A-CAP, itself just trying to survive being dragged down along with the collapse of 777 Partners, has actually landed itself in hot water with this auction. That is because Leadenhall Capital Partners, upon being informed of it, immediately filed a Contempt of Court motion against A-CAP in New York. A rival lender to 777 Partners, Leadenhall claims it is owed over 650 million dollars by the failed Miami firm, and that A-CAP’s chairman Kenny King is secretly running both companies and siphoning away assets which could be used to settle that debt. Leadenhall was granted a Preliminary Injunction by the New York court against the dissipation of 777 Partners assets by A-CAP, and claims that injunction has already been breached at least twice. Leadenhall now claims this latest auction of all the collateral in Nutmeg is also a breach. But it is not asking the court to block the sale – only to make sure that any price paid for those assets represents fair market value, and that the proceeds are retained for all creditors and do not end up funnelled directly or indirectly to A-CAP. In addition, Leadenhall wants the court to impose “coercive and compensatory sanctions” on A-CAP to the tune of 11.8 million dollars, and describes this figure as “a drop in the bucket” when compared to the “profits A-CAP has siphoned” from the 777 Partners companies which guaranteed its own lending to Wander and Pasko’s firm. 

So what exactly would any “qualified bidder” be buying? How much are the various holdings in the six football clubs really worth? The shares in Genoa were diluted to less than a quarter of their original value when a Romanian group led by Dan Sucu came in with a capital raise which gave them majority control. A-CAP failed to annul this takeover in a civil court, but a separate, independent criminal investigation into the matter was launched and is still ongoing in Italy. The shares in Vasco are the subject of an administrative court order in Brazil which stripped 777 Partners and A-CAP of any control in the club. The minority shareholding in Sevilla is similarly of suspect value because of a legal dispute involving the Nutmeg subsidiary Sevillistas Unidos. Hertha Berlin and Red Star narrowly avoided relegation to the third tiers in Germany and France respectively this season. And Standard’s financial position remains precarious, despite an announcement that the club would be taken over by a Belgian consortium – with money seemingly advanced by A-CAP themselves – in a transaction which will presumably not now take place.

In addition, there is a large debt pile weighing heavily over the whole portfolio. And remember, A-CAP have been trying unsuccessfully to sell these clubs individually since they first instructed investment bank Moelis to help them do so months ago. When they did actually manage to dispose of Melbourne Victory, they did so for no return at all. Under these circumstances, it will be interesting to see what bids actually do come in at auction. It would surprise no-one, however, if A-CAP themselves submit a “credit bid” on these assets – whereby a secured creditor can use its existing debt as currency in an auction to acquire the assets of the debtor. Essentially, this would mean A-CAP purchasing its collateral (the clubs) without having to pay any additional cash. Given that a public auction process like this usually involves a 45-day notice period, and given that this Notice of Sale was only posted on 29 May and does not seem to have been widely publicised, it is open to question just how seriously A-CAP have tried to drum up interest.

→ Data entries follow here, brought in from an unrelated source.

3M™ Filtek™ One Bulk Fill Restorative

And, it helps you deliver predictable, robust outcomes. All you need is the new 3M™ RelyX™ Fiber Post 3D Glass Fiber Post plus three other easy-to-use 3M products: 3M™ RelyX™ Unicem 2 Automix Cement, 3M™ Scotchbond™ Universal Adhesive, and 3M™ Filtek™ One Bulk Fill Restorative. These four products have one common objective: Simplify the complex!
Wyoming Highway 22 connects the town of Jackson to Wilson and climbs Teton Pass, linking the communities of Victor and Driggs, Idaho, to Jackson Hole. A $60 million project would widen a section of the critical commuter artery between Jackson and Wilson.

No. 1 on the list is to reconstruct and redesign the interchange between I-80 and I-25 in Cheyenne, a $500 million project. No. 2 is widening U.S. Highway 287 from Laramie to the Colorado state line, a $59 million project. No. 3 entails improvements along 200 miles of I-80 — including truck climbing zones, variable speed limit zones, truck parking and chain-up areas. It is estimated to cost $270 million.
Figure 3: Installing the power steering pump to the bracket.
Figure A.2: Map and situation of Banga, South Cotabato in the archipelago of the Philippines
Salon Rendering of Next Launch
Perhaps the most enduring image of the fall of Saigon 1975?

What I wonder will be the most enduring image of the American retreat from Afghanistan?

If an outside buyer were to bid, another consideration for them is that in the event of 777 Partners going bankrupt, a US Trustee would be appointed to navigate the growing list of creditors with a claim, and would have the power to unwind any sale that takes place on Friday if necessary. Josimar has been told that there is at least one group of creditors currently pushing to force just such a bankruptcy to occur, and that there may be others. 

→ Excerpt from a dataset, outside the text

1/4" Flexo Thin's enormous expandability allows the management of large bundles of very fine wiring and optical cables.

All this is going on at a time when both 777 Partners and A-CAP remain under investigation by the Department of Justice and the Securities and Exchange Commission. But the timing of the auction is even more interesting when you consider the latest developments involving the Utah and South Carolina state regulators of all five of A-CAP’s insurers. 

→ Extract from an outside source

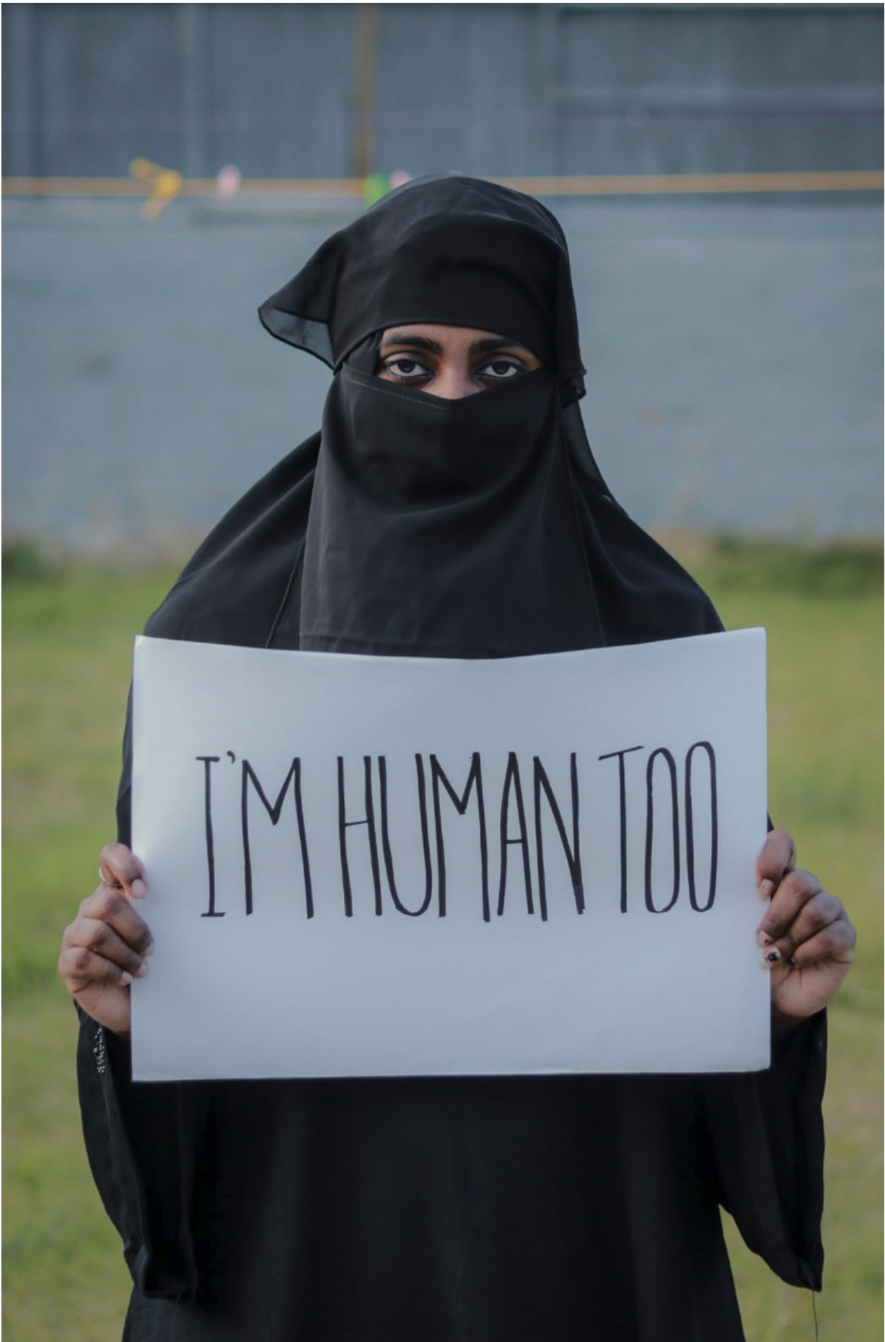
Size:a3 (297 x 420) Photograph

To recap, both Utah and South Carolina issued Orders at the end of last year stating that A-CAP’s insurers, largely because of the vast sums they had loaned to 777 Partners, were in such dire financial condition that they posed a danger to the public and must cease writing any new business. A-CAP challenged this in court, and scored what appeared to be an early victory over South Carolina, overturning their Order pending an appeal. But Utah continued to fight their case, going a step further by issuing a Rehabilitation Order accusing King and others at A-CAP of a range of offences, and a trial was due to take place in May. This was then pushed back to August at the request of the judge. But since then, the tide appears to have turned in A-CAP’s favour. 
First, Utah agreed to mediation. Then, on 23 May, Judge Amber M. Mettler signed an order to dismiss the case. Utah’s petition two months earlier had demanded that Regulators be allowed to “take possession” and “control” of the three A-CAP insurers in its state. That will not now take place. So what happened? It appears a settlement has been reached, though quite what this can possibly be remains a mystery given the serious nature of the allegations made by the Department. Previously, A-CAP would have needed Utah and South Carolina’s permission for this auction, as it was under a supervision order from both states. Now, it does not. It is unclear whether South Carolina, which was working closely with Utah but did not join them in mediation, will take any further action against the two A-CAP insurers on its books. But for now, the pressure from Regulators appears to have eased, and for fans of the football clubs still under the influence of what’s left of 777 Partners, all eyes will now be on Friday’s auction in New York.